European commission strategy

At its meeting of June 25th 1999, the European Council of Ministers asked the European Commission to propose a new strategy with regard to chemical substances policy, no later than end 2000. This decision follows on from a 1998 report by the EEA-UNEP and a working document of the same year that criticised the Commission with respect to the functioning of the European Union's four main policy-making instruments in terms of chemical substances.

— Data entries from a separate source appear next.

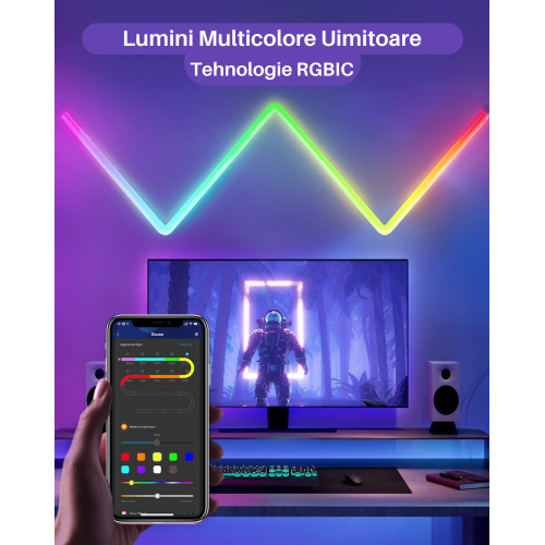 Personalizare Formei Unice : Creeaza-ti forma personalizata folosind barele RGBIC pentru a obtine o iluminare care sa se potriveasca stilului tau si spatiului tau. Culori Multicolore Uimitoare : Datorita tehnologiei RGBIC, aceste bare LED pot afisa pana la 76 de culori simultan si un total de 16 milioane de culori, oferindu-ti posibilitatea sa creezi combinatii de culori spectaculoase. Reactie la Muzica Ta : Aceste bare reactioneaza la muzica ta in 12 moduri diferite, sincronizandu-se cu ritmul si tonurile muzicii pentru a aduce o experienta vizuala dinamica si captivanta. Scene Dinamice Variate : Cu peste 64 de moduri de scene dinamice de lumina din care sa alegi, ai posibilitatea de a schimba complet atmosfera din incapere cu o simpla atingere. Descopera scene cu miscari multicolore inspirate de diferite emotii, elemente naturale si activitati de zi cu zi. Calitate Robusta si Fiabila : Fabricate din plastic ecologic ABS, aceste bare sunt cunoscute pentru durabilitatea si fiabilitatea lor. Designul lor permite demontarea directa, eliminand preocuparile legate de fragilitate. Procesul de instalare este simplu si eficient.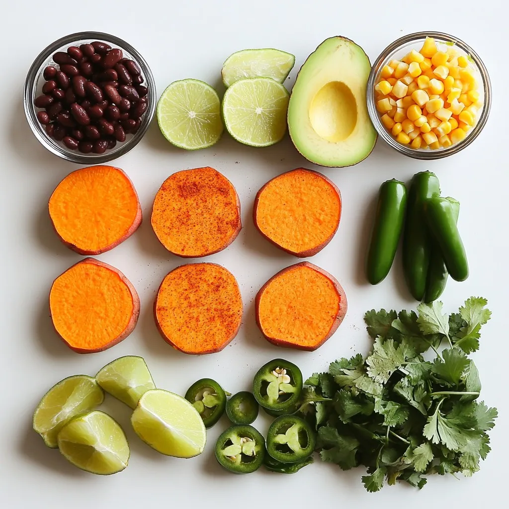 Layering is key for visual appeal. Start with a base of sweet potatoes. Add your black bean and corn mix. Next, sprinkle diced avocado and cheese on top. This creates a colorful look.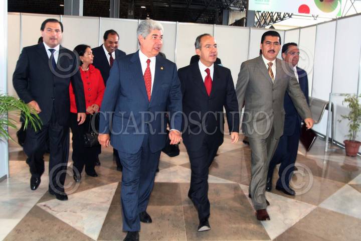 GUADALAJARA, JALISCO 24OCTUBRE2006.- El presidente electo, Felipe Calderón Hinojosa, dió el banderazo de arranque a los foros denominados Diálogos, acompañado de gobernadores de diferentes estados de la república. FOTO: ALFREDO GURRERO/CUARTOSCURO.COM

To quote a memorandum issued by the chemicals industry (which has felt obliged to emit weak protests so as not to have to dig too deep into its own pocket!), the Commission's proposal would require the testing of the 70,000 existing chemical substances, meaning 7 to 10 million animals would have to be sacrificed, i.e. 350,000 to 500,000 animals each year for twenty years. The number of chemical substances on the market, and that would therefore actually need testing, can be estimated at a low 20,000. This would correspond to 2 to 3 million animals.

A great many industrial chemical substances exist within the EU (Directive 67/548/EEC). There are 100,106 so-called "existing" substances, i.e. prior to 1981, listed on the European INventory of Existing Chemical Substances (EINECS). Add to this some 2,000 "new" substances, recorded on the European LIst of Notified Chemical Substances (ELINCS). Directive 79/831 of 1981 obliges manufacturers and importers of chemicals to "notify" chemical products, i.e. to provide detailed information on the production, use and intrinsic properties of a substance in a technical dossier. This means testing the substances on animals.

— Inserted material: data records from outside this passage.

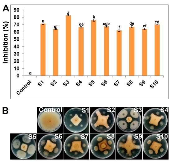 Antifungal assay of rhizospheric soil bacteria of sweet potato fields against P. versicolor XJ27. (A) Inhibitory effects of ten isolates of rhizospheric soil bacteria on the mycelial growth of P. versicolor XJ27 relative to control. (B) Dual culture assay on potato dextrose agar (PDA) plate with antagonistic bacteria and P. versicolor XJ27. For the control, the fungus was inoculated at the center and LB broth was point-inoculated instead of antagonistic bacteria. Inhibition (%) was calculated in comparison to control. Values are means ± SE of four replications for each treatment. Similar letters are not different at p ≤ 0.05.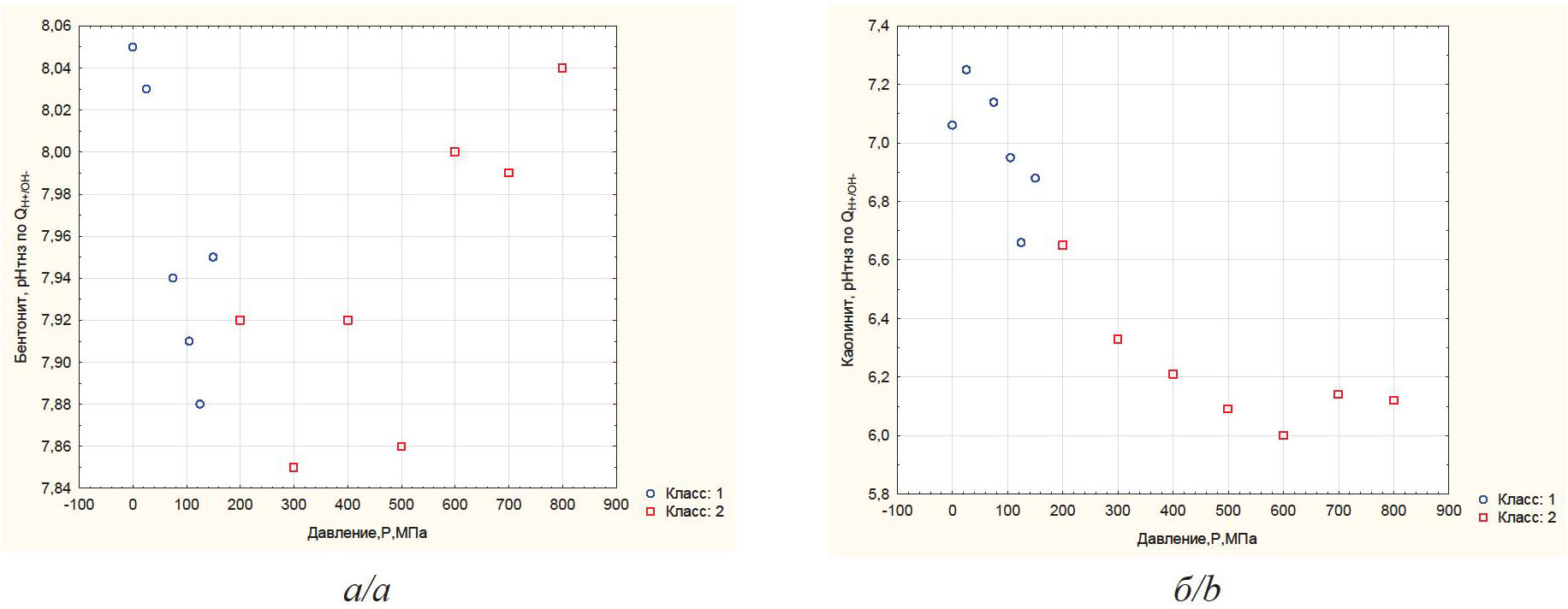 Из рис. 6 видно, что рН ТНЗ бентонитовой глины снижается при давлениях до 150–200 МПа (класс 1) и возрастает при Р=200–800 МПа (класс 2). рН ТНЗ каолиновой глины снижается как при давлениях до Р=150–200 МПа (класс 1), так и при Р=200–800 МПа (класс 2). Обоснование граничного значения Р=150–200 МПа приведено в работе [35].
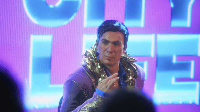 注意这里旁白的语境转换,从背景介绍转到介绍势力,The mayor stepped in where the government couldn't(市长接手了政府无力管控的地带),在聚光灯下身穿华服的男子很可能是市长,结合台词推测,他可能拉拢了某一组织,以 “维持秩序” 之名实质掌控城市,是欲望港表面规则的制定者。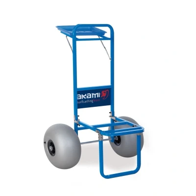 Akami Deluxe Beach Trolley - Dimensions: 51×36×108cm - Wheel dimensions: 20×30cm - Weight: 7kg - Aluminum frame - Foldable design - Easy to use - Easy to transport - Especially for the beach - With foldable tray Measuring 51×36×108cm, the Akami Deluxe Beach Trolley is an ideal companion for beach anglers. Its light weight of 7kg, foldable design and durable aluminum frame make it easy to handle and convenient to store between fishing trips. Specifically designed for beach use, the trolley offers smooth mobility on sandy surfaces. The addition of a fold-out tray enhances functionality, allowing anglers to transport their supplies in an organized fashion. In short, the Akami Deluxe Beach Trolley provides a smart and convenient solution for anglers looking to efficiently transport their gear along the shoreline.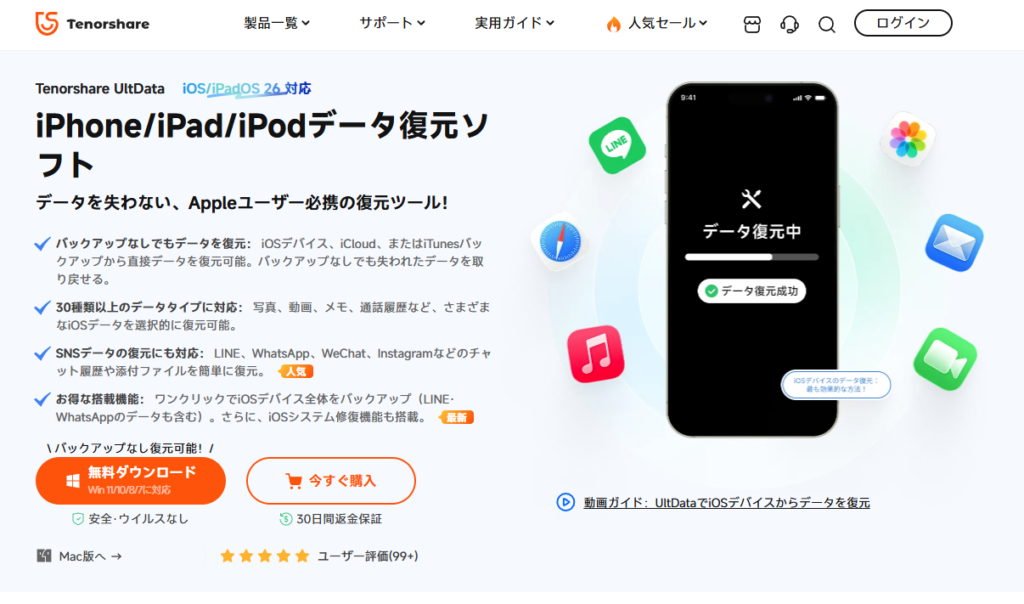 - 2 2. UltData for iOSの特徴・機能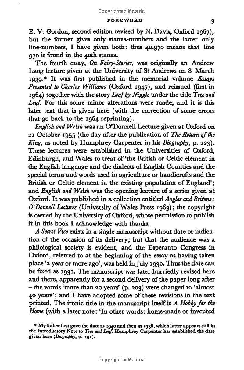 The pieces in this collection cover a period of nearly thirty years, beginning six years before the publication of The Hobbit, with a unique 'academic' lecture on his invention (calling it A Secret Vice) and concluding with his farewell to professorship, five years after the publication of The Lord of the Rings.

Since 1993, notification of a new chemical substance also means evaluating the danger that exposure to that substance entails for public health and the environment (seventh amendment to Directive 67/548/EEC - Directive 92/32/EC). If the risk is too high, the substance can be banned. Up until 1998, of the 2,000 new chemical substances, only 400 risk evaluations had been carried out.

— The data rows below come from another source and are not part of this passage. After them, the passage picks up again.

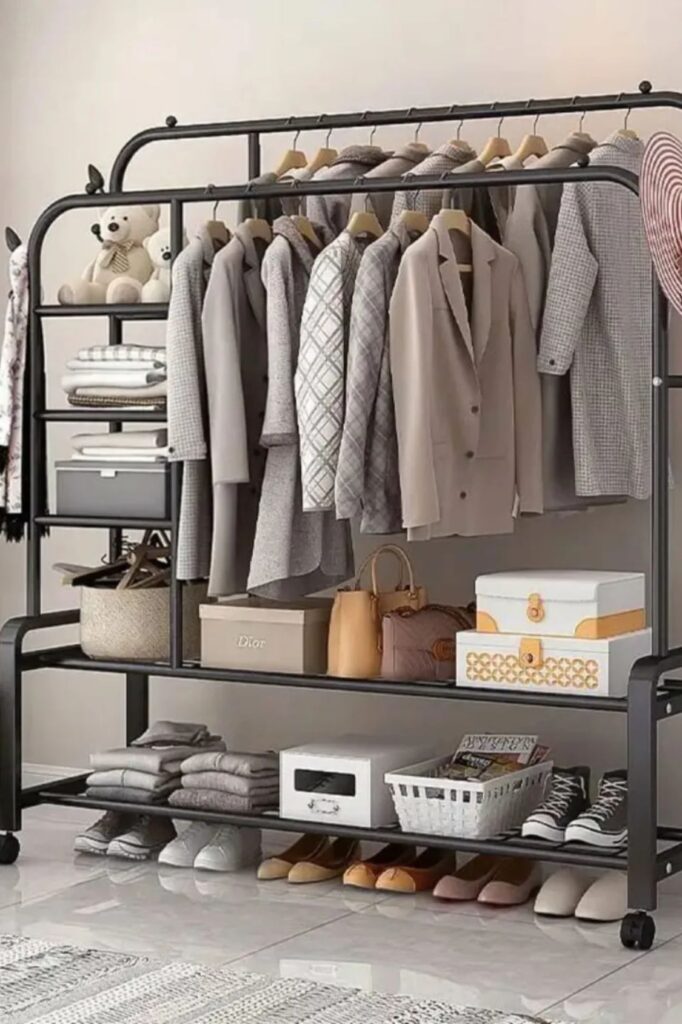 If you put things up the proper way, a small room without a closet can nevertheless hold a lot of clothes.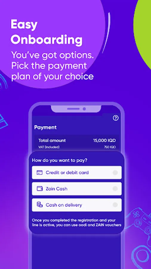 - Choose your payment options: ZainCash, a Zain Recharge Card, or a Credit Card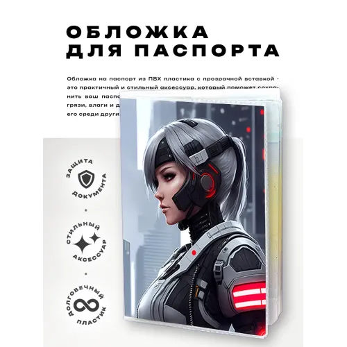 Обложка для паспорта в стиле киберпанк — это не только практичный аксессуар, но и яркое выражение индивидуальности. Изготовленная из прозрачного ПВХ пластика, она защищает паспорт от повреждений и придаёт ему стильный вид. Полиграфическая вставка с уникальным дизайном добавляет оригинальности, а упаковка в полипропиленовый пакет с вырубкой под еврокрючок делает её удобной для хранения или подарка. Эта обложка станет отличным спутником в путешествиях и повседневной жизни.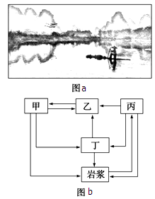【小题1】广西的桂林山水是典型的喀斯特地貌。主要的岩石为石灰岩,为沉积岩。在地壳物质循环示意图中,甲为沉积岩,乙为沉积物,丙为岩浆岩,丁为变质岩。答案选A。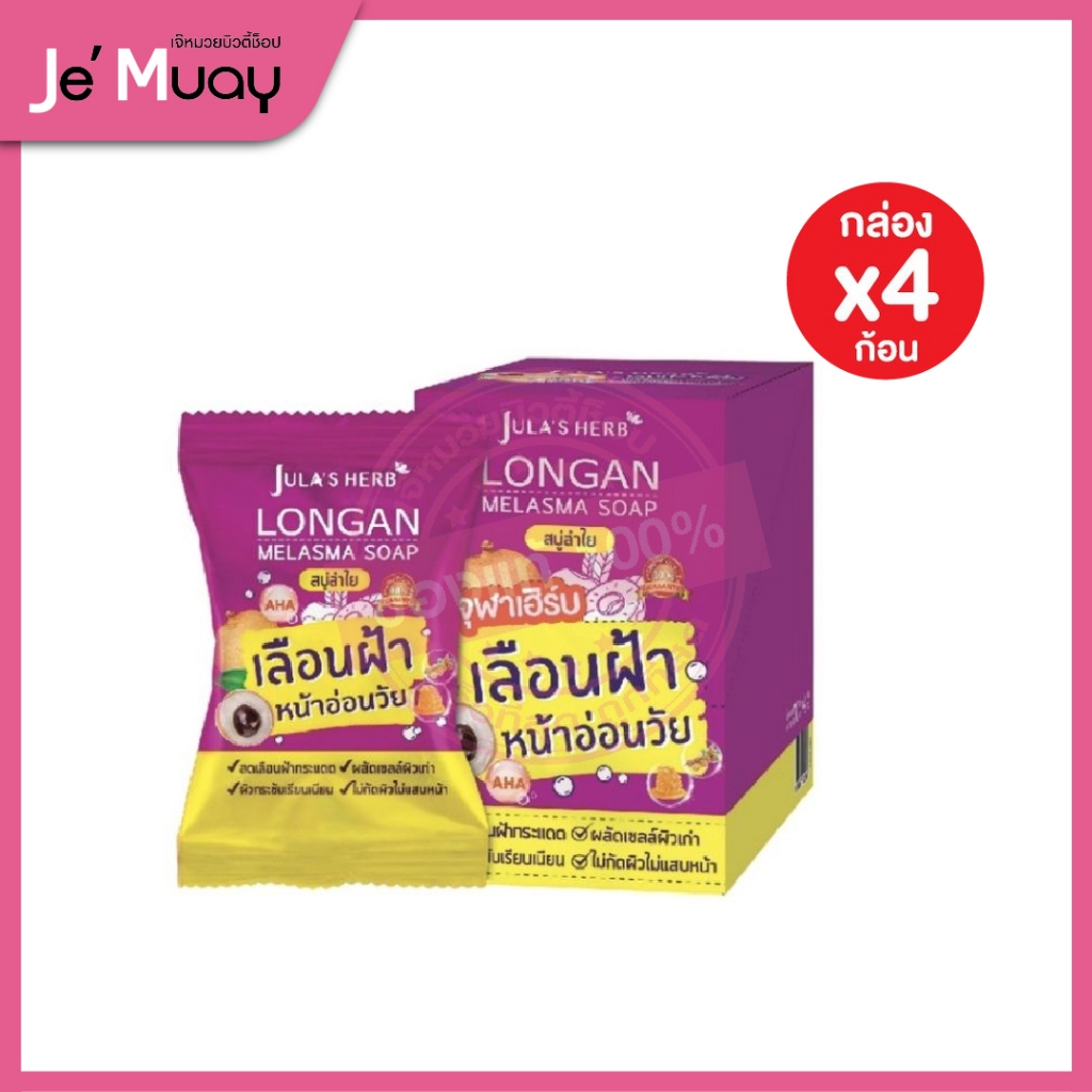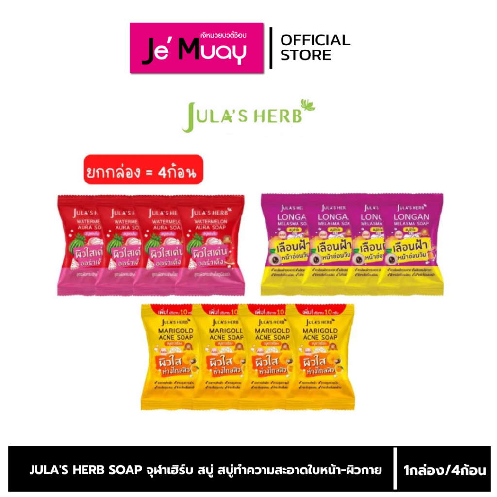[ กล่อง 4 ก้อน ] JULA'S HERB SOAP จุฬาเฮิร์บ สบู่ สบู่ล้างหน้า ทำความสะอาดใบหน้า-ผิวกาย คุมมัน ไม่อุดตัน ผิวใสมีออร่า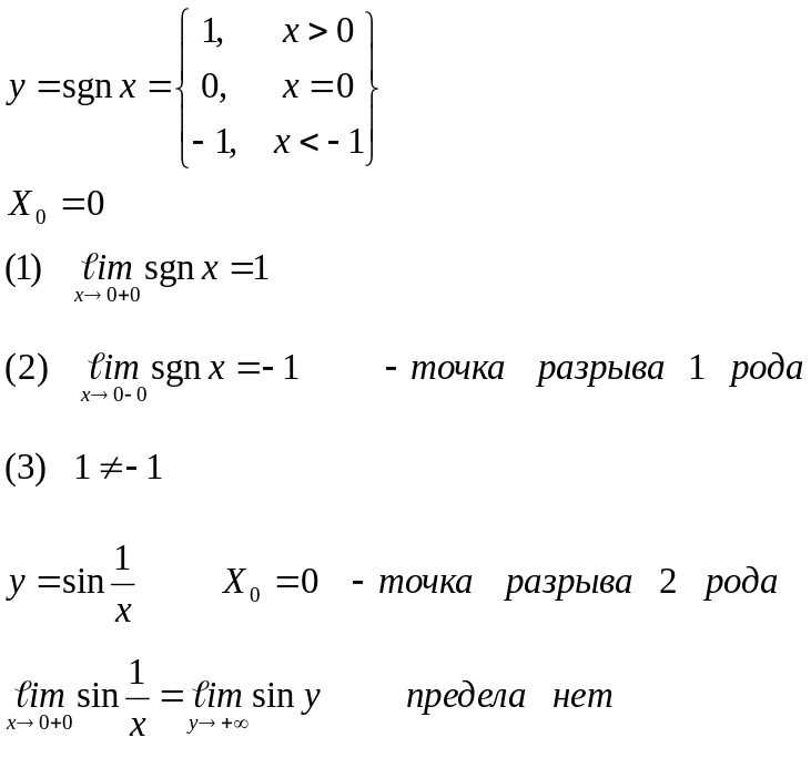 Если же в точке Х0 не выполняется какое-то из первых двух условий, то она называется точкой разрыва 2-го рода (точкой неустранимого разрыва).

Regulation 793/93/EC seeks to identify and reduce the risks associated with existing chemical substances. The number of chemicals currently on the market is generally estimated at between 20,000 and 70,000: such imprecision clearly illustrates the lack of data in this field. Little is known of the toxicity of some 75% of these 20,000 to 70,000 substances (EEA-UNEP 1998). According to another source (Allanou et al, 1999), nothing or little is known of the toxicity of over 85% of the 2,500 most heavily-produced substances (over 10,000 metric tons per year).The manufacturers and importers of existing chemical substances (some 98% of all chemicals) are currently under no obligation to provide new data, despite the fact that existing data is not enough to classify these products as dangerous or not. Risk evaluation as it stands is a long and unwieldy process. The European Commission implicitly recognises that almost all these chemical products have been introduced on the EU market and are still being sold today without any form knowledge of their impact on public health and the environment.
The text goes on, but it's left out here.